* _WHAT THE EXERCISE ASKS_:
Word for word, please restate the lines from the beginning of the data through the line in which "在呼倫貝爾冬季的冰雪風(fē" appears.

** Opening DATA FOR REVIEW block **

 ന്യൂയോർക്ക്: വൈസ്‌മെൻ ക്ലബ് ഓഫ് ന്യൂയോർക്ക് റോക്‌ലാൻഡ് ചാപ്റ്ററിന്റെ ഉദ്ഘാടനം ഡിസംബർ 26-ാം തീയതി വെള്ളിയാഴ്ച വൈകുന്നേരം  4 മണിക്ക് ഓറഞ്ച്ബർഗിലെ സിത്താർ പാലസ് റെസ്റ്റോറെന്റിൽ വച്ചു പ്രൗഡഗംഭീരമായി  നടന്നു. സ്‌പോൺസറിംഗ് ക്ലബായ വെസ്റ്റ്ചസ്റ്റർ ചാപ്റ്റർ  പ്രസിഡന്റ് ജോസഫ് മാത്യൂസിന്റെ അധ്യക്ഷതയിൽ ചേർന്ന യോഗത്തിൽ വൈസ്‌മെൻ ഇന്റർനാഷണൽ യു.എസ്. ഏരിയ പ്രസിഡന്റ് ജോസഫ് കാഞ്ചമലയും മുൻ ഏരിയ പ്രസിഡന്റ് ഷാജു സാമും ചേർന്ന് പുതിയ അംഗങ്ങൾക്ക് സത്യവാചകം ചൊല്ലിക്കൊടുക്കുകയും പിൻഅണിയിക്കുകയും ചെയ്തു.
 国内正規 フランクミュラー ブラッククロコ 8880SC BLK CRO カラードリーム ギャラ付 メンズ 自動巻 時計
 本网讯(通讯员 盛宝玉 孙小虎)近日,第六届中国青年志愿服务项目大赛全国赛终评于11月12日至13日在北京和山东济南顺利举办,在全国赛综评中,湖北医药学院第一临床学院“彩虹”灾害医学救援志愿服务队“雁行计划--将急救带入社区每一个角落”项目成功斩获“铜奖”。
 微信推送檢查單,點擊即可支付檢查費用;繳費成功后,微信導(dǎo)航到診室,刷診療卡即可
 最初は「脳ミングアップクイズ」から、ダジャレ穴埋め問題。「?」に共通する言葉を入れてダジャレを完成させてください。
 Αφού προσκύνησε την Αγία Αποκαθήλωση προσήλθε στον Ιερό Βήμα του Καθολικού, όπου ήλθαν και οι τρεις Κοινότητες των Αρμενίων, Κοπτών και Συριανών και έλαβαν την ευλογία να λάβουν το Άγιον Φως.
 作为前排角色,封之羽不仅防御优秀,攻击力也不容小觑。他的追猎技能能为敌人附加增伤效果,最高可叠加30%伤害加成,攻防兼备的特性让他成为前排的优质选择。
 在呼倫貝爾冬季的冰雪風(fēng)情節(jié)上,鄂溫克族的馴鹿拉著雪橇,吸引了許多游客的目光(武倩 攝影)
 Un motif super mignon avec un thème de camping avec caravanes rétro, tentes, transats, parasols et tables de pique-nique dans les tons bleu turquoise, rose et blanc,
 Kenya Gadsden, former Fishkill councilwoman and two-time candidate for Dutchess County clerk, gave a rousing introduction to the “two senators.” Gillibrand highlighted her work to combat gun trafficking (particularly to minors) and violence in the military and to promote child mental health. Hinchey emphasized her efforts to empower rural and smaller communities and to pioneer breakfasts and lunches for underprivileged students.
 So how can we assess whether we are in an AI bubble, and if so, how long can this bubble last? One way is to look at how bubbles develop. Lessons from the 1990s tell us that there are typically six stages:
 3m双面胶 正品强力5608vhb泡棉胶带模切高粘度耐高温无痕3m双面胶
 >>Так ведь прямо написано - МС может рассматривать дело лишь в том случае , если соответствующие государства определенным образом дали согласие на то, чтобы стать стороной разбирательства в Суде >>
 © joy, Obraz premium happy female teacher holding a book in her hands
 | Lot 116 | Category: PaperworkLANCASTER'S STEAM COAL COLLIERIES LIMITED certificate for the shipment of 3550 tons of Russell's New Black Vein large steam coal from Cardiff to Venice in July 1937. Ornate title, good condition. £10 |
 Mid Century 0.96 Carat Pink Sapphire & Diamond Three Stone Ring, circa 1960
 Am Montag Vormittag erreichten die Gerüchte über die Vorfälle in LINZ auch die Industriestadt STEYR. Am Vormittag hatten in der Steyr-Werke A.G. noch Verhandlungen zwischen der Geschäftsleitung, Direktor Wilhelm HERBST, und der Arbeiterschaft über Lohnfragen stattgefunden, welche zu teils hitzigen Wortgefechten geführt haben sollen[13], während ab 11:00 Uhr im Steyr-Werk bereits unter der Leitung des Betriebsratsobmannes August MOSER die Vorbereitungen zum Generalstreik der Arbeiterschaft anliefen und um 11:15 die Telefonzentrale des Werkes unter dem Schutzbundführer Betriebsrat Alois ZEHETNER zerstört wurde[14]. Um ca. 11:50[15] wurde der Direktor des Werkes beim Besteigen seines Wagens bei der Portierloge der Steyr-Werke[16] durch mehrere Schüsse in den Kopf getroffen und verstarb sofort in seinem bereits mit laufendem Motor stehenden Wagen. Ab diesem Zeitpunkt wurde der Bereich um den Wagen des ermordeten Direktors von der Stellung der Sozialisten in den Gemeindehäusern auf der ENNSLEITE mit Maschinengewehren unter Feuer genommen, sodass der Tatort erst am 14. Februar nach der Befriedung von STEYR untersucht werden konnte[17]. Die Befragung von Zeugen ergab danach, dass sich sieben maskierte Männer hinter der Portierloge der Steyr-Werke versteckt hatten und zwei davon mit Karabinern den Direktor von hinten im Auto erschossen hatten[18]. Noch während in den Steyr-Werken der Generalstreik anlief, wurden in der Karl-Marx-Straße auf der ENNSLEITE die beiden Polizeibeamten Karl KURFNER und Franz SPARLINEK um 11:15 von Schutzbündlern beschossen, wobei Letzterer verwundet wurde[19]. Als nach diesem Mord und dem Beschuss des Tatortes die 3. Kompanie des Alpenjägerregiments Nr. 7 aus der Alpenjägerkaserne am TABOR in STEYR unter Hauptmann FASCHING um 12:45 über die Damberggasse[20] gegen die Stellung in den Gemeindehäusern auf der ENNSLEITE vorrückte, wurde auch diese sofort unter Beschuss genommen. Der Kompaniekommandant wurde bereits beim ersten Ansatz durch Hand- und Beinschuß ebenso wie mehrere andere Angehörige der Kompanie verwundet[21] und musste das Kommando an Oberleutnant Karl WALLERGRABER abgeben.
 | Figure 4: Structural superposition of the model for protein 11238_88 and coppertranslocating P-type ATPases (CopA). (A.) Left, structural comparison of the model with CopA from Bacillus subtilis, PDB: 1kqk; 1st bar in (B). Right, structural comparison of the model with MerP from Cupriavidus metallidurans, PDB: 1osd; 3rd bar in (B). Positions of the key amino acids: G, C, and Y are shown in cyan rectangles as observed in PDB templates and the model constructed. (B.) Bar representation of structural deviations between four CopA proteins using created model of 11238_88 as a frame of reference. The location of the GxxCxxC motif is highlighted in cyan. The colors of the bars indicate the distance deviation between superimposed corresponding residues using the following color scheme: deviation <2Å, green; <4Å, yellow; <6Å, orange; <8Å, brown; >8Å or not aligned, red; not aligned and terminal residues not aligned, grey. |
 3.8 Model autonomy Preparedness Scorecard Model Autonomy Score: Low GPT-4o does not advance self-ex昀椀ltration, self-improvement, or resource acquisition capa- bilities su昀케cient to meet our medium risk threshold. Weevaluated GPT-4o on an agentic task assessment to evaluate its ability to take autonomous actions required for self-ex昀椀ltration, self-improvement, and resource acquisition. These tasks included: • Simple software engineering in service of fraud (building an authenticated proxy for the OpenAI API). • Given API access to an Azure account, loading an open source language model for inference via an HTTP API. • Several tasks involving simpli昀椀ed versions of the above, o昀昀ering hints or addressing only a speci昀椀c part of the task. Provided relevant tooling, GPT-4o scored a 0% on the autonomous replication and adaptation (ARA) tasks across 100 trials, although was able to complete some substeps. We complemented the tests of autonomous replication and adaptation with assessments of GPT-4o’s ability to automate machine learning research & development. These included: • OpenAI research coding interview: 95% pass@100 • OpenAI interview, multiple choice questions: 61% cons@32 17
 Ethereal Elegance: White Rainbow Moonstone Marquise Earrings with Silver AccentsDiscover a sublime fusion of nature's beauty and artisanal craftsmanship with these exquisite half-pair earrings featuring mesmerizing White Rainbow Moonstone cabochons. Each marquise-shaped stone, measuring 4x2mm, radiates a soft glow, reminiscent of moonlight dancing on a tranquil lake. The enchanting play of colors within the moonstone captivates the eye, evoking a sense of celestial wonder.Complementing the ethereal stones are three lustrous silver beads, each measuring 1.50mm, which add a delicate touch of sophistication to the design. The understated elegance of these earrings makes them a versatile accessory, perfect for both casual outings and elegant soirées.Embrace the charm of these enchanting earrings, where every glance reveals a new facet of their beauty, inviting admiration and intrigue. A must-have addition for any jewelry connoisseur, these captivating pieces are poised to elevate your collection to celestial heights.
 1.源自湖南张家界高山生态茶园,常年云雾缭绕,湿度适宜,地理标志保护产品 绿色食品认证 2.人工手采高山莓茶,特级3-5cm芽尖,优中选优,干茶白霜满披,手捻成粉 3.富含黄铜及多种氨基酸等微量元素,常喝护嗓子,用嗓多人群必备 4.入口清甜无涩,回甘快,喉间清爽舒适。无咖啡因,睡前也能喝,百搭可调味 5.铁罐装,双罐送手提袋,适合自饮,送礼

** Closing DATA FOR REVIEW block **

* _RESULT OF THIS TASK_:
 ന്യൂയോർക്ക്: വൈസ്‌മെൻ ക്ലബ് ഓഫ് ന്യൂയോർക്ക് റോക്‌ലാൻഡ് ചാപ്റ്ററിന്റെ ഉദ്ഘാടനം ഡിസംബർ 26-ാം തീയതി വെള്ളിയാഴ്ച വൈകുന്നേരം  4 മണിക്ക് ഓറഞ്ച്ബർഗിലെ സിത്താർ പാലസ് റെസ്റ്റോറെന്റിൽ വച്ചു പ്രൗഡഗംഭീരമായി  നടന്നു. സ്‌പോൺസറിംഗ് ക്ലബായ വെസ്റ്റ്ചസ്റ്റർ ചാപ്റ്റർ  പ്രസിഡന്റ് ജോസഫ് മാത്യൂസിന്റെ അധ്യക്ഷതയിൽ ചേർന്ന യോഗത്തിൽ വൈസ്‌മെൻ ഇന്റർനാഷണൽ യു.എസ്. ഏരിയ പ്രസിഡന്റ് ജോസഫ് കാഞ്ചമലയും മുൻ ഏരിയ പ്രസിഡന്റ് ഷാജു സാമും ചേർന്ന് പുതിയ അംഗങ്ങൾക്ക് സത്യവാചകം ചൊല്ലിക്കൊടുക്കുകയും പിൻഅണിയിക്കുകയും ചെയ്തു.
 国内正規 フランクミュラー ブラッククロコ 8880SC BLK CRO カラードリーム ギャラ付 メンズ 自動巻 時計
 本网讯(通讯员 盛宝玉 孙小虎)近日,第六届中国青年志愿服务项目大赛全国赛终评于11月12日至13日在北京和山东济南顺利举办,在全国赛综评中,湖北医药学院第一临床学院“彩虹”灾害医学救援志愿服务队“雁行计划--将急救带入社区每一个角落”项目成功斩获“铜奖”。
 微信推送檢查單,點擊即可支付檢查費用;繳費成功后,微信導(dǎo)航到診室,刷診療卡即可
 最初は「脳ミングアップクイズ」から、ダジャレ穴埋め問題。「?」に共通する言葉を入れてダジャレを完成させてください。
 Αφού προσκύνησε την Αγία Αποκαθήλωση προσήλθε στον Ιερό Βήμα του Καθολικού, όπου ήλθαν και οι τρεις Κοινότητες των Αρμενίων, Κοπτών και Συριανών και έλαβαν την ευλογία να λάβουν το Άγιον Φως.
 作为前排角色,封之羽不仅防御优秀,攻击力也不容小觑。他的追猎技能能为敌人附加增伤效果,最高可叠加30%伤害加成,攻防兼备的特性让他成为前排的优质选择。
 在呼倫貝爾冬季的冰雪風(fēng)情節(jié)上,鄂溫克族的馴鹿拉著雪橇,吸引了許多游客的目光(武倩 攝影)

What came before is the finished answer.